Его голос дрожал от боли. Мой гнев и тепло ушли, а на их место пришло сожаление.

— Это несправедливо, — сказала я, с мольбой в голосе. — Ты нарочно подгонял меня. И я не думала, что смогу причинить тебе боль. У тебя есть твой холод и лед, чтобы защитить себя.

Он медленно встал и обернулся. Его лицо было раскрыто.

О, его лицо.

Я невольно сделала шаг назад.

— Неужели я выгляжу так, будто я неуязвим? — сказал он, произнося каждое слово резко и точно. — Разве я выгляжу так, будто мне не может быть больно?

Я покачала головой. Моя кожа стала холодной от шока.
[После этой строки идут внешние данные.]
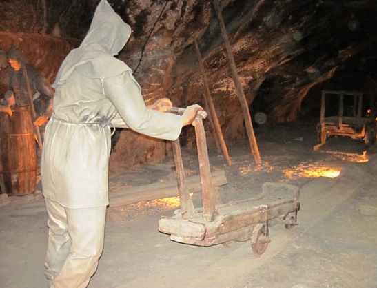 The mine has over 300 km of tunnels or galleries, over 3000 chambers of varying sizes, some tiny, other enormous enough to launch a hot air balloon in. (which was done to achieve one of those weird records which feature in the Guinness Book – the only place in the world where a hot air balloon was launched underground…!!) The mine comprises of nine levels, the deepest at over 327 metres underground. We only went as far as the 3rd level, which is at about 130 metres below the surface…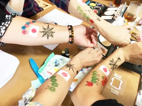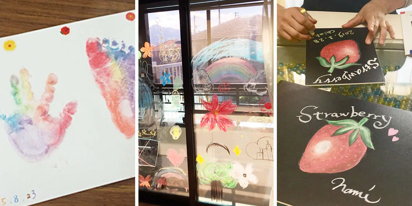 虹色の手形足型を取ったり、窓ガラスやお風呂の壁に自由に落書き、店舗のメニューやサイン、絵の具など、活用方法は無限大!アイディア次第で活用の幅がとても広い画材です。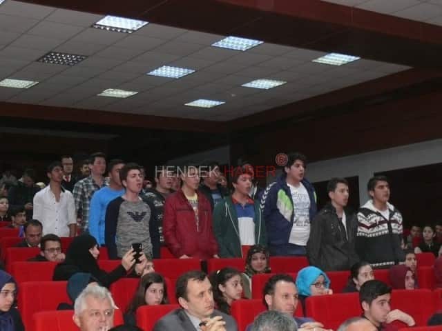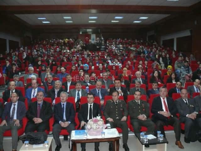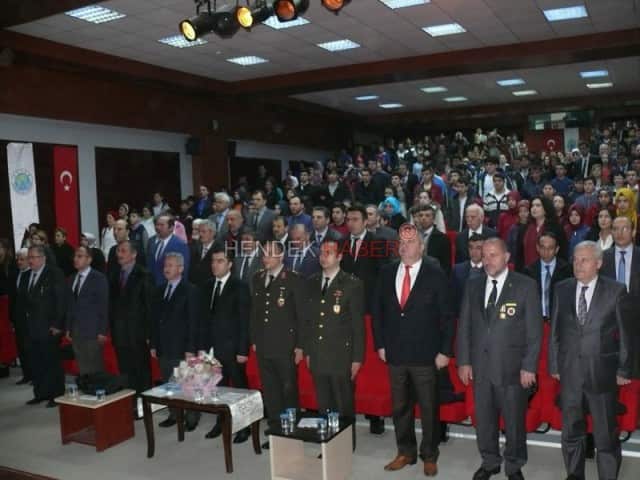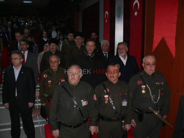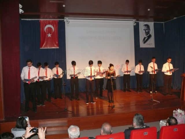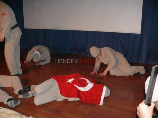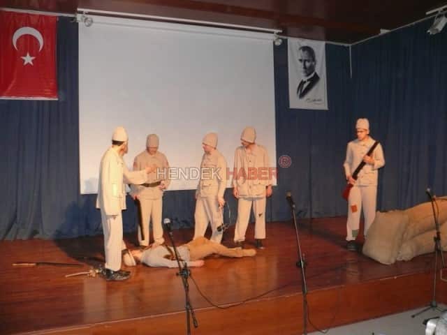 Hendek A.K.V. Meslek Teknik Anadolu Lisesi öğrencilerinin hazırlayıp sunduğu 18 Mart Şehitleri Anma ve Çanakkale Zaferi programı saygı duruşu ve İstiklal Marşı’nın okunmasıyla başladı. Slayt gösterisinin ardından öğrenciler tiyatro oyunu sahneleyip, şiirler okuduktan sonra Çanakkale Türküsü’nü söylediler.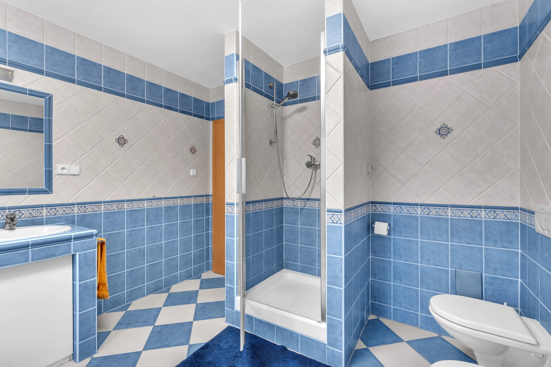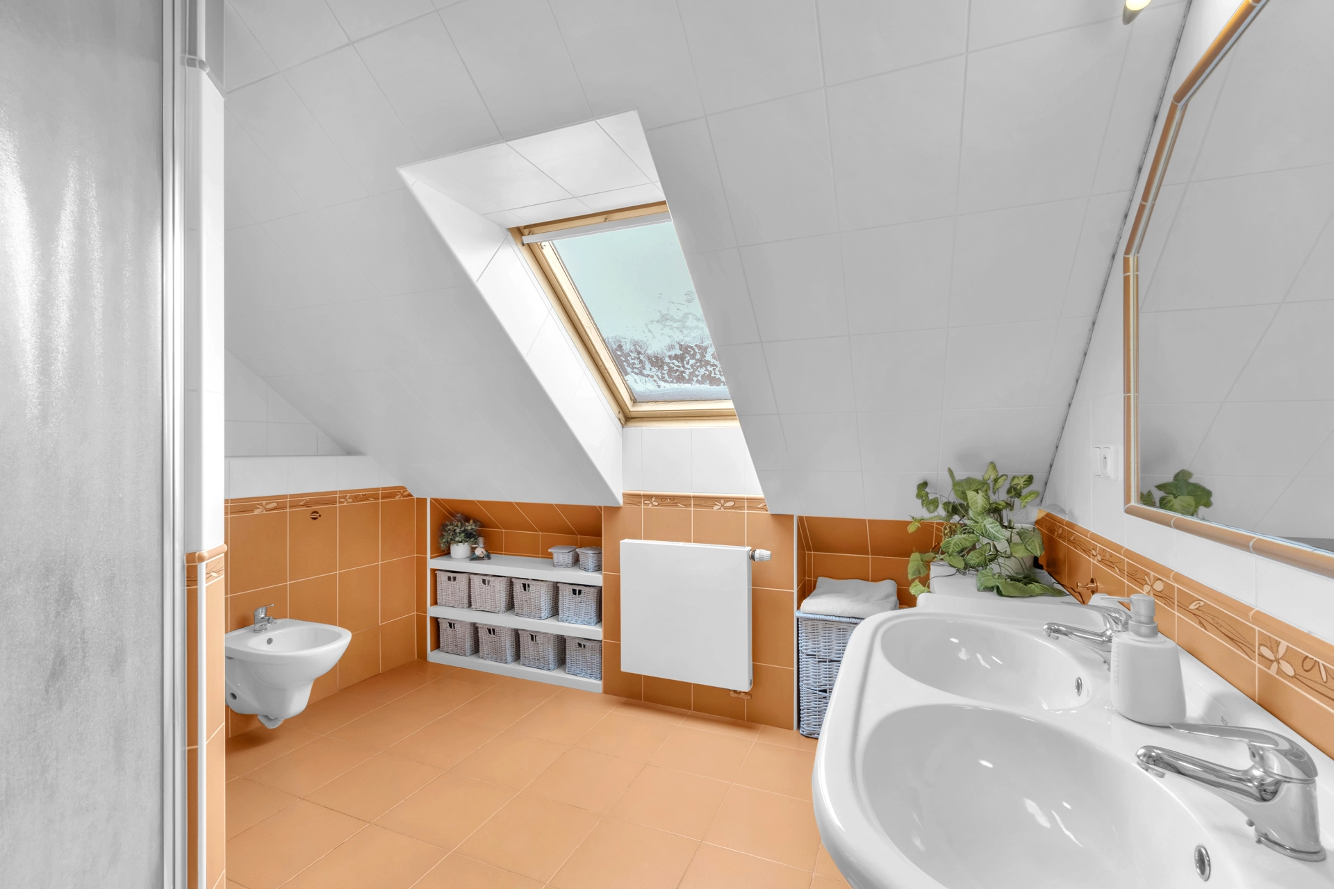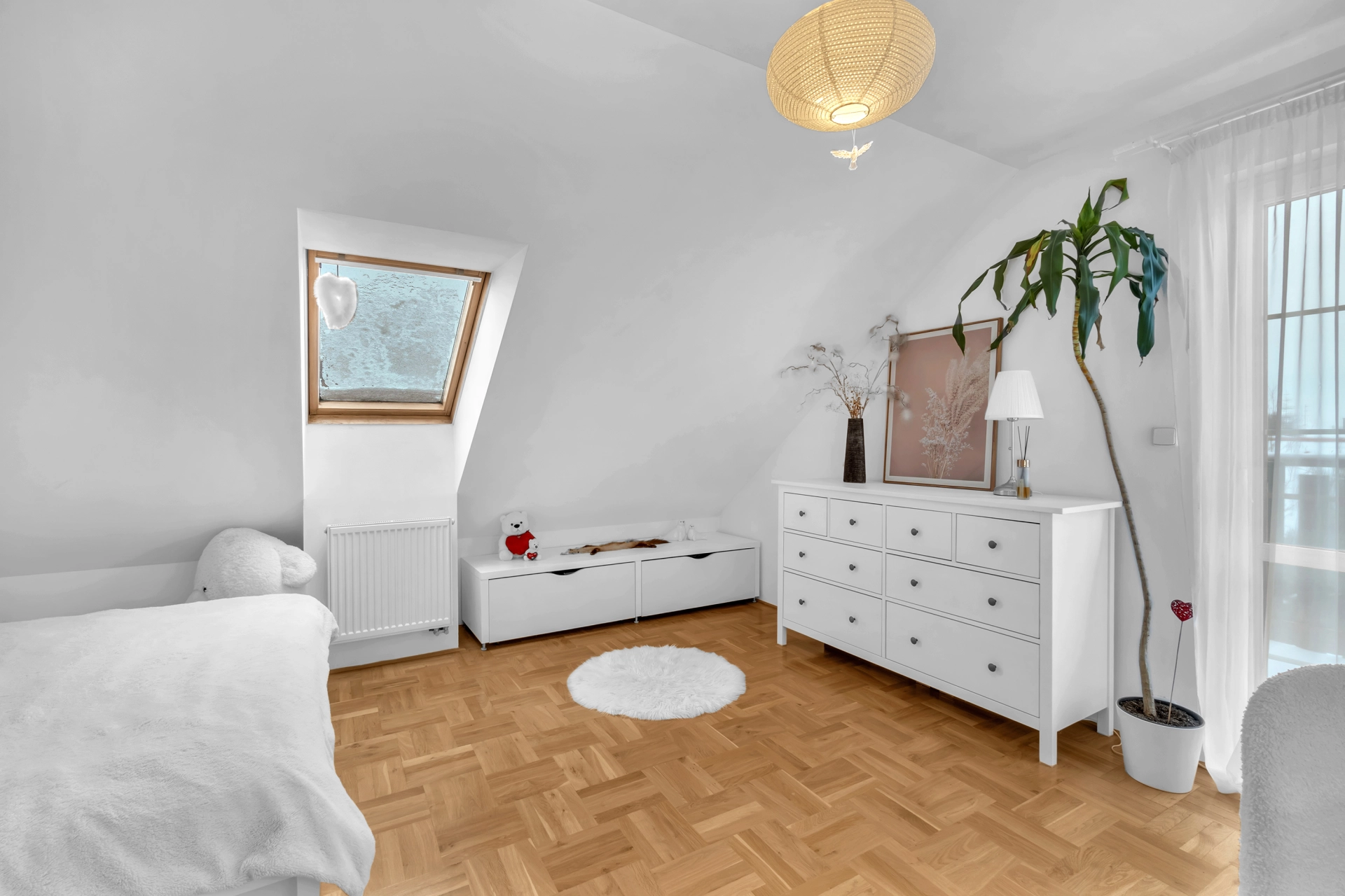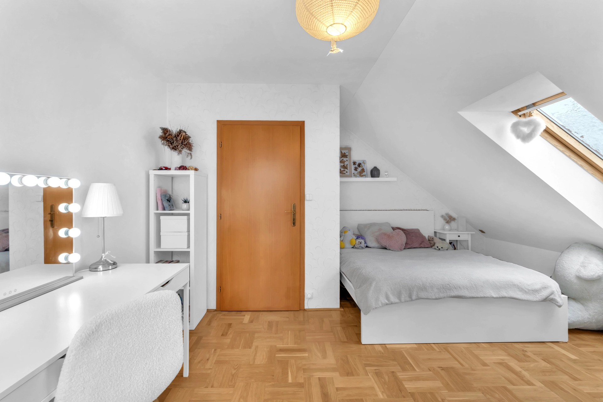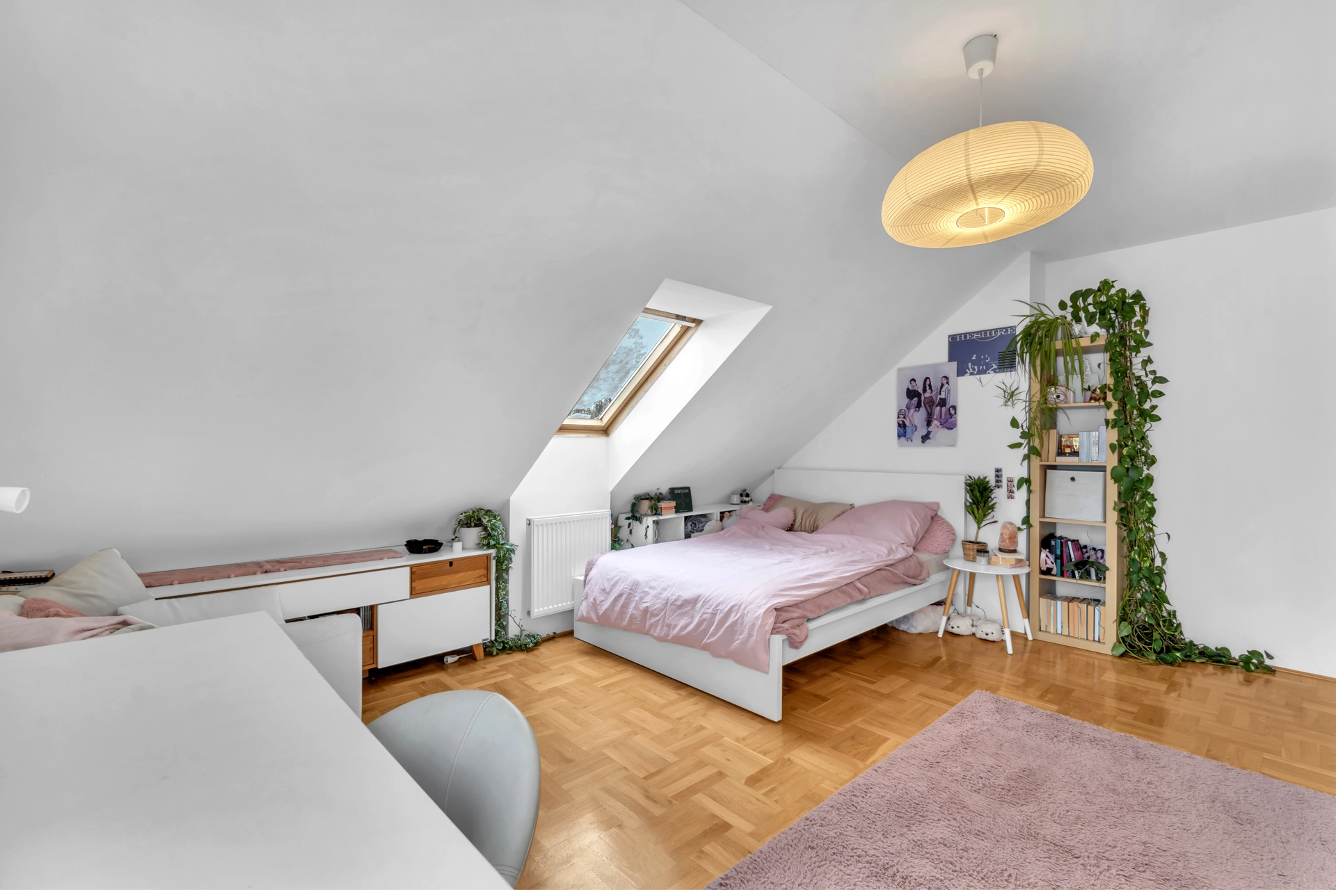1.NP - chodba se vstupem na úložnou půdu, pokoj pro hosty/pracovna, 2x dětský pokoj, koupelna s WC a velká technická místnost s úložným prostorem, plynovým kotlem a pračkou.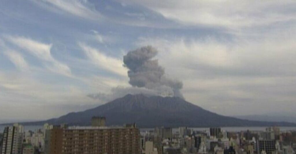 當?shù)貢r間1月19日15時26分左右,日本鹿兒島縣櫻島南岳山頂火山口發(fā)生噴發(fā),火山灰柱最大高度達2000米。(總臺報道員 柏春洋)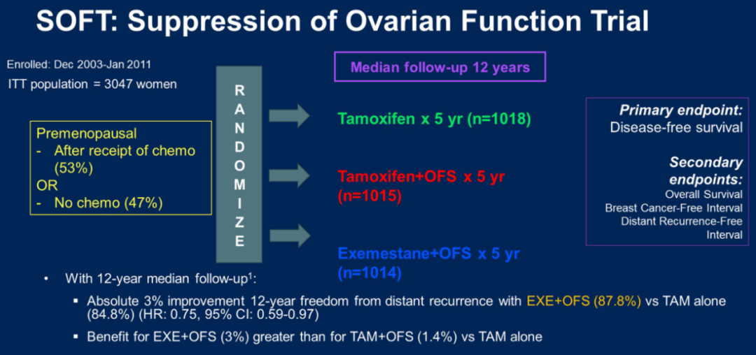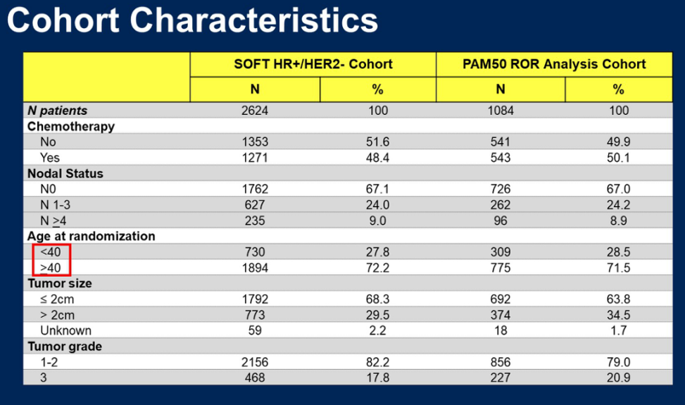 本次ASCO大会上报道了SOFT试验的二次分析结果——绝经前HR+/HER2-乳腺癌女性的PAM50内在亚型和ROR评分对于不同年龄段的年轻乳腺癌的预后价值和复发风险预测能力。SOFT是针对绝经前HR+/HER2-辅助内分泌治疗的一项研究,研究结果提示,与他莫昔芬单药辅助治疗相比,在他莫昔芬(T+OFS)或依西美坦(E+OFS)辅助内分泌治疗的基础上加用卵巢功能抑制(OFS)可降低复发风险。SOFT试验二次分析评估了PAM50亚型和ROR评分在一部分患者中的应用价值。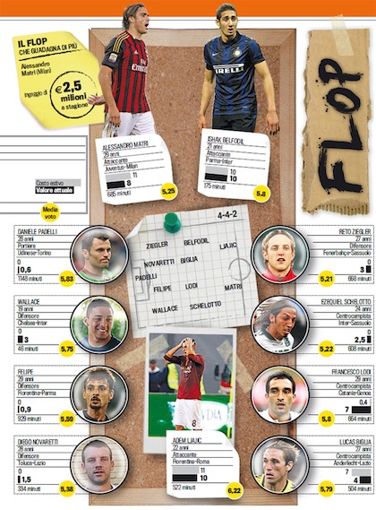 Идеалния отбор на трансферните провали: Падели (Торино); Уолъс (Интер), Фелипе (Парма), Новарети (Лацио), Циглер (Сасуоло); Скелото (Сасуоло), Лоди (Дженоа), Биля (Лацио); Белфодил (Интер), Матри (Милан), Ляич (Рома).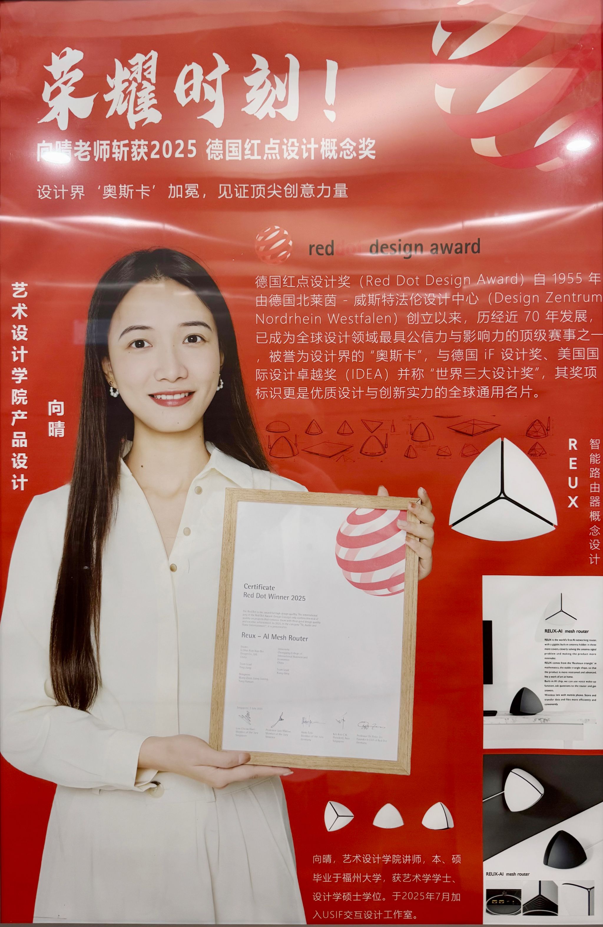 2025年8月向晴教师团队设计"Reux-AlMeshRouter"智能路由器作品通过层层选拔,在全球5万余件作品中脱颖而出,以优异成绩获得全球最具影响力的知名设计竞赛——“红点设计”概念奖。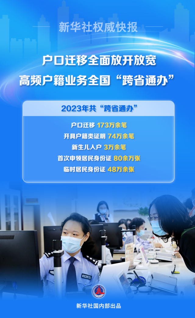 2023年,公安部組織全面實(shí)施戶口遷移、開具戶籍類證明等高頻戶政業(yè)務(wù)“跨省通辦”。截至目前,全國范圍已實(shí)現(xiàn)首次申領(lǐng)居民身份證、申領(lǐng)臨時居民身份證及戶口遷移和開具戶籍類證明“跨省通辦”。

— Как ты думаешь, выглядят солдаты? — спросил он. — Те, которых ты обожгла?

Мой рот открылся, но не было слов.

— При всех твоих разговорах об исцелении, — сказал он, безжалостно произнося каждое слово, — ты самый опасный человек из всех, которых я когда-либо встречал. Если бы я не нуждался в тебе так сильно, то дал бы тебе умереть в той тюрьме.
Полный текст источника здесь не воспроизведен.